The Pentacost Novena
Laura DeMaria
Our friends over at Pray More Novenas are gearing up for the next nine days of prayer, this time in the form of the Pentacost Novena, starting tomorrow, Friday May 6. You can sign up here to join the thousands of faithful bringing their hearts and intentions before the Holy Spirit.
I am especially interested in this one, because the Holy Spirit has played an important part in my life, and particularly my faith formation and return to the Church. At that moment in Confirmation, when the Holy Spirit descended, I was changed. Truthfully, I had signed up for RCIA as a sort of "Let's go ahead and make all this official, shall we?" gesture, not knowing the affect it would have on me. I went from living a more or less completely secular lifestyle, to becoming weekly involved in a variety of ministries (others' or those I've started myself), evangelizing, listening to the Mass readings every morning, going to Confession regularly and daily Mass at least once a week, deepening my knowledge of the Church and scripture, thirsting deeply for the knowledge of Christ, and finding true love and joy in all of this. The Holy Spirit descended, and I'd like to think, never left (and, I pray to God, He never will).
How has the Holy Spirit moved in your life?

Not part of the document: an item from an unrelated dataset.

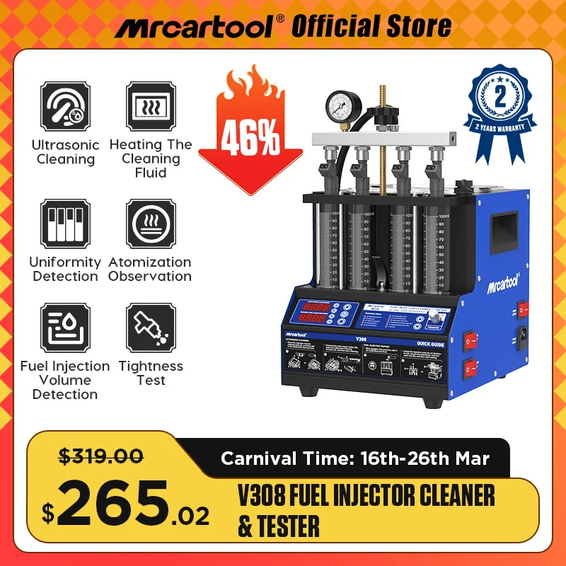 MR CARTOOL V308 Car Fuel Injector Cleaner&Tester 4 Cylinders Cleaning Fluid Heating Ultrasonic Nozzle Cleaning Machine For Motorcycle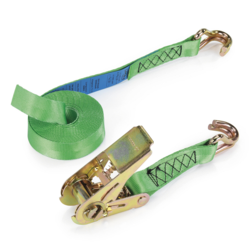 "longDescription": "<h2>Spanband</h2><ul><li>van 100% polyestervezels met geringe rekbaarheid</li><li>door de zachte en flexibele structuur ontstaat er geen schade aan kwetsbare goederen</li><li>temperatuur- en UV-bestendig, trekt geen vuil aan en is bestand tegen chemische producten</li></ul><br><h3>2-delige uitvoering:</h3><ul><li>1 riemdeel met dubbele haken aan het ene uiteinde en een ratel aan het anderen uiteinde</li><li>1 riemdeel met dubbele haken aan het ene uiteinde en een los ander uiteinde</li></ul>",

One of my favorite ways to see the Holy Spirit in action is how we often find the right people in our lives at exactly the right moment, due to no genius of our own. Or perhaps the apartment you needed became available to rent at the right moment; the compassionate words you needed to share with a suffering friend somehow found their way out of your mouth; you took a different way home for no particular reason and avoided an accident. It goes on and on. This is the Holy Spirit. And how nice to think it is the same Spirit that worked through St. Paul and the original apostles as they preached and converted, building the early Church and bringing Christ to the world for the first time. The Holy Spirit has become no weaker or diluted over the ages, which means that if you pray to Him, he will assist you in the same way He did the early Christians, if you allow Him. Take heart in that!
I think in praying this novena I will ask the Holy Spirit to put me in the right time and place, and to be able to say the right things, to better serve God and others. In a way, that is a prayer to be more accepting of God's will, isn't it? To be accepting, to be open, to take what God gives you with love.